Son principalmente cuatro estos malhadados jinetes de mi apocalipsis privado, cuyos solos nombres evocan en mí pensamientos funestos, ideas crispadas y deseos innombrables. Son las perfectas contrafiguras del panteón personal de mis querencias, donde figura una galería exquisita de personalidades de los talentos más diversos y dispares.
El primero es un personajillo de tonsura y sotana, erigido por los vaivenes eclesiásticos en figura de primera línea de la clerecía nacional, mandamás de una religión tradicional por estos pagos del señor. Sus atributos cardenalicios no se compadecen con los signos de los tiempos, como gustan de decir los teólogos. Su afán protagónico, en una sociedad que debería tender hacia el laicismo, cada vez resulta más anacrónico. En toda ocasión que interviene para sermonear a su rebaño, siento que hablara un monje del Medioevo, un ser absolutamente desfasado de la época que le ha tocado vivir.

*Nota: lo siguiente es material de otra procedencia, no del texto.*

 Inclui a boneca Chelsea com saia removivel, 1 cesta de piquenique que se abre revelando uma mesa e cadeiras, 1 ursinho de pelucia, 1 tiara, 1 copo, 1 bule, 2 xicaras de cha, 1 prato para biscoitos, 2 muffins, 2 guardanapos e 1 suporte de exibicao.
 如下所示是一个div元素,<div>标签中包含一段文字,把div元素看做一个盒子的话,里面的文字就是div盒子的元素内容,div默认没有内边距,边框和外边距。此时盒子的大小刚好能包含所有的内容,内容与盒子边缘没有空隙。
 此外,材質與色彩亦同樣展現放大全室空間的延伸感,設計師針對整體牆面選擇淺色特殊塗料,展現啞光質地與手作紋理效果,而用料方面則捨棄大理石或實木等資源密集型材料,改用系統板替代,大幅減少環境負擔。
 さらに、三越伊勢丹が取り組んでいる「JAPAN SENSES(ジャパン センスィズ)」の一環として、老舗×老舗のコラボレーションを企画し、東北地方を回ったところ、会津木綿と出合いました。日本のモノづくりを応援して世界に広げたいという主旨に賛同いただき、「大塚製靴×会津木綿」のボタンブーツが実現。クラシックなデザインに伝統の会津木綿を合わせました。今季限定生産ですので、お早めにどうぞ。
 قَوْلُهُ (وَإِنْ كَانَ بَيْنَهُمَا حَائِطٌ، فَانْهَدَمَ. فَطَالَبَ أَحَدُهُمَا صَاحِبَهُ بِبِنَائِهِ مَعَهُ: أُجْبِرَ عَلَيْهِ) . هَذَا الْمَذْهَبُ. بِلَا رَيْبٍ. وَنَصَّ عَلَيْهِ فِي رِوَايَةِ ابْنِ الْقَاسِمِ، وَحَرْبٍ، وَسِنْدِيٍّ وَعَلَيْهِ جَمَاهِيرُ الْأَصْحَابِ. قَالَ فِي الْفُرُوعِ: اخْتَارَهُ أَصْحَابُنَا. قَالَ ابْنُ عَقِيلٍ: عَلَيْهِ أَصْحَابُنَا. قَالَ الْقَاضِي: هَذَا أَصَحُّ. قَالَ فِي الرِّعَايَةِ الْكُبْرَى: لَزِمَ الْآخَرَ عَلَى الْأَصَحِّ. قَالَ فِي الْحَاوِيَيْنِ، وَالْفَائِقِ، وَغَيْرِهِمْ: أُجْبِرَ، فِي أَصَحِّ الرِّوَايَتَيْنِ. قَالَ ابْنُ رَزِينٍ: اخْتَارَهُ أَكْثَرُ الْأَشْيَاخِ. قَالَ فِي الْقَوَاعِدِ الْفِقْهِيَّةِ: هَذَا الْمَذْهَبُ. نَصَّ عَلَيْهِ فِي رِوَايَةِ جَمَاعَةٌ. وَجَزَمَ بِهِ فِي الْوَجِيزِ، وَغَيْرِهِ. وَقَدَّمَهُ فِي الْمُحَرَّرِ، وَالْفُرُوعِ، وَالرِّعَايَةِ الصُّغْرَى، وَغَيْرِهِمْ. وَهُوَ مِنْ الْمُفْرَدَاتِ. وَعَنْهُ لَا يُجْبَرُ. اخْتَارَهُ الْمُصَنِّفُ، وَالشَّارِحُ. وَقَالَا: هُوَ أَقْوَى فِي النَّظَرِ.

El otro es un político camaleónico, cuyas virtudes para el acomodo y la transacción oportunista han hecho que transitara por casi todas las tiendas políticas del país en las últimas décadas. Si al comienzo se perfilaba como conspicuo miembro de las fuerzas que apoyaron a Vargas Llosa en su candidatura presidencial, luego lo veíamos engrosando las filas de ciertos grupos que apoyaban a la grosera caterva fujimorista en el periodo siguiente; e inmediatamente ya era nombrado ministro del nuevo gobierno aprista. Y para confirmar su veleidosa carrera, ahora conforma la plancha presidencial de los herederos de la cleptocracia de los noventa.

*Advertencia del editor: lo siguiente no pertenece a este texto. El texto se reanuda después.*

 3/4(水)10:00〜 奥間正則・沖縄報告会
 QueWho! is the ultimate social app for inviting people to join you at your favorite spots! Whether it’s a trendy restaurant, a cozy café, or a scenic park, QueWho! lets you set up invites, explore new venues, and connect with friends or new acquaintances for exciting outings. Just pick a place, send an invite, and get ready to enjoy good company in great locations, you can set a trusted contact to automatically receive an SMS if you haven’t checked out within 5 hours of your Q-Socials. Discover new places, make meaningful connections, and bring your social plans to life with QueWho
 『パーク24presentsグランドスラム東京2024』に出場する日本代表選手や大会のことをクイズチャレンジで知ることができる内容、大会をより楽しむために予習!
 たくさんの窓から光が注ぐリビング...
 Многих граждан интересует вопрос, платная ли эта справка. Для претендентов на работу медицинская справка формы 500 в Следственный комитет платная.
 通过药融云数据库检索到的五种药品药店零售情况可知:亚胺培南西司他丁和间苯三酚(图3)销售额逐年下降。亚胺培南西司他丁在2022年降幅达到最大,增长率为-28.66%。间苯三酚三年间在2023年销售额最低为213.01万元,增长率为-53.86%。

El tercero y el cuarto son dos periodistas que convocan mis rabias siderales. Cobijados en esa madriguera reaccionaria llamada Correo, desde donde destilan el líquido purulento de la inquina y la materia tóxica de la maledicencia en cada palabra y en cada frase que dicen. Son dos crápulas de mala entraña, epígonos del pensamiento más retrógrado y cavernícola de nuestros tiempos. Uno de ellos, cada vez que puede, que de hecho es casi siempre pues es el director del mismo, se permite la desvergüenza de enfilar sus injurias contra la alcaldesa de Lima, a quien no le perdona el haber derrotado en las urnas a la candidatura que él favorecía. Y el otro, cuya manía predilecta es excretar bazofia escrita, ha llegado al colmo de la majadería de referirse a nuestro entrañable artista Fernando de Szyszlo en términos no solo irrespetuosos, sino francamente en clave de albañal.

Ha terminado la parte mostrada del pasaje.